Die Hochachtung vor dem Experiment ist ungeschmälert trotz der nun folgenden kritischen Betrachtung. Denn was wäre ein Experiment wenn es unbeachtet bliebe. Ich beschränke mich auf drei Punkte die für jeden zukünftigen Zuschauer interessant sein dürften. Es wird im Verlauf des Stücks ein Etagenbett aufgebaut. Dagegen ist im Grunde nichts einzuwenden. Wie es allerdings aufgebaut wird ist nicht gelungen. Theater wird sinnlos wenn nicht mehr erzählt wird als uns das Leben in Echtzeit bietet. Selbst „Warten auf Godot“ ist mit vier Stunden-Inszenierungen schon extrem zeitlich verdichtet.
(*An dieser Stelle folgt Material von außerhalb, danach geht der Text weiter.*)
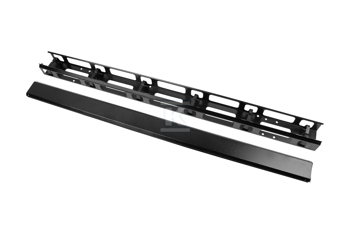 Виготовлені зі сталі органайзери характеризуються міцністю та довговічністю. Їх чорний колір забезпечує естетичний вигляд і добре поєднується з більшістю серверних шаф. Монтаж простий та інтуїтивно зрозумілий – органайзери кріпляться безпосередньо всередині стійки, що дозволяє швидко та без проблем впорядкувати дроти. У комплекті є два органайзери, що дозволяє комплексно управляти кабелями в одній шафі. Розміри одного органайзера: 1211.25 мм довжини, 94 мм ширини та 82 мм глибини, а вага – 4.47 кг (весь набір).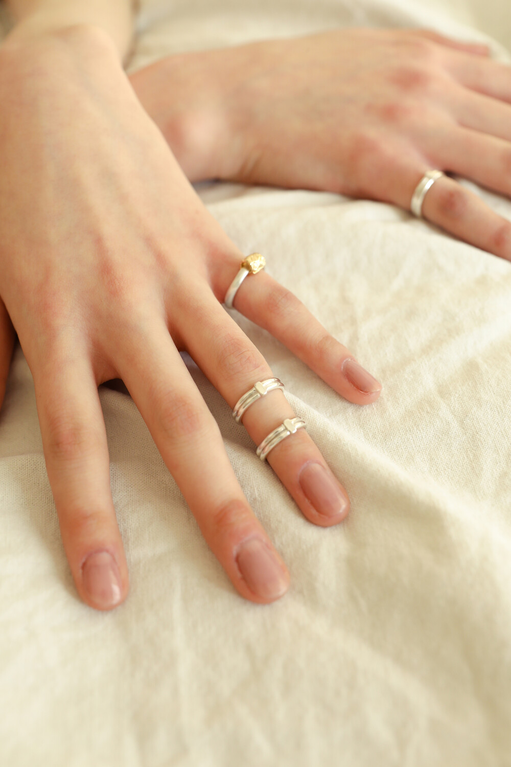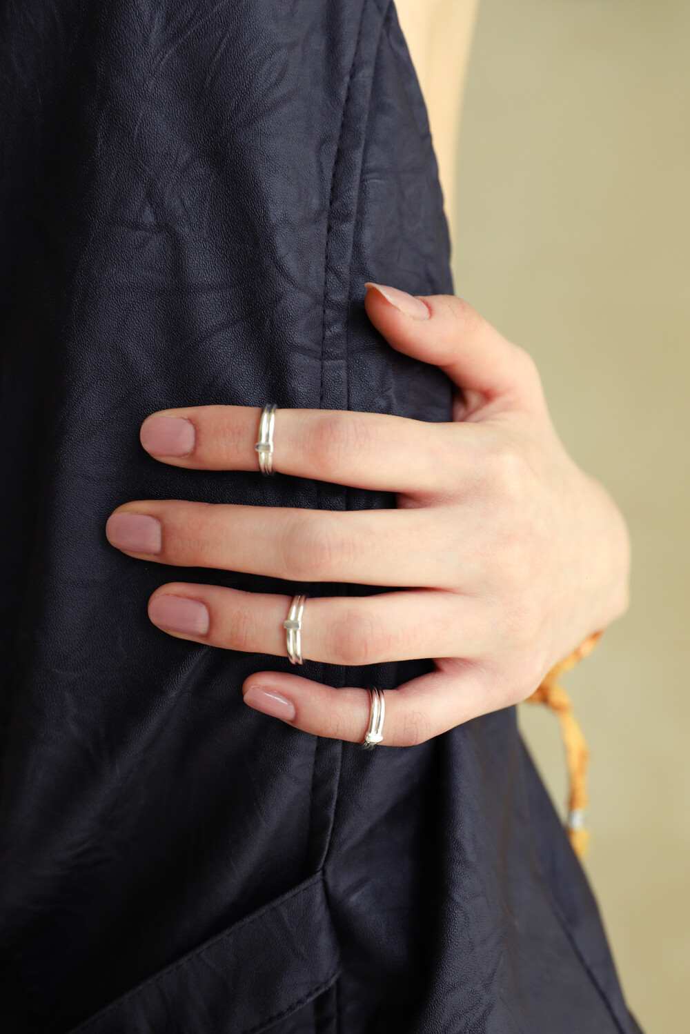 새끼손가락이나 마디에 착용하기 좋은 형태로 제작한 반지입니다. 볼드한 반지와 착용하여 대비되는 연출을 하거나 마디 반지를 여러 개 레이어드하여 착용해 보세요.

Wenn sich die Probleme des Aufbauens im Verhältnis 1 zu 1 dann auch noch wiederholen sackt das Interesse verständlich ab. Das wäre Angesichts der Schauspielerin nicht nötig gewesen. Zweitens: Es mag ja gerade im Trend liegen im Theater möglichst keine Geschichten zu erzählen, sondern Brocken und Fragmente vorzustellen, aber dennoch will der Zuschauer wissen um was es geht. Leider liegen die zu vielen und undeutlichen Textfragmente wie ein wirrer Puzzelteilehaufen auf der Bühne. Man muss sich die Geschichte selber zusammenbauen und hoffen das es so stimmt. Das limitiert die Aufmerksamkeit und das Interesse für andere Momente, bezaubernde noch dazu. Und letztendlich ist neben der Mimik von Ramona Suresh die Kommunikation durch Körper zu vage gehalten, sie nimmt einen zu geringen Raum ein und ihr fehlt der Biss poetischer Klarheit. Dem Experiment wäre eine tiefere Kenntnis von Kommunikationsformen sicher besser bekommen und so weniger Pädagogik. Aber Lisa Weiss hatte den Mut, und vielleicht können wir ihre Erkenntnisse aus diesem Versuch in einer weiteren Inszenierung sehen.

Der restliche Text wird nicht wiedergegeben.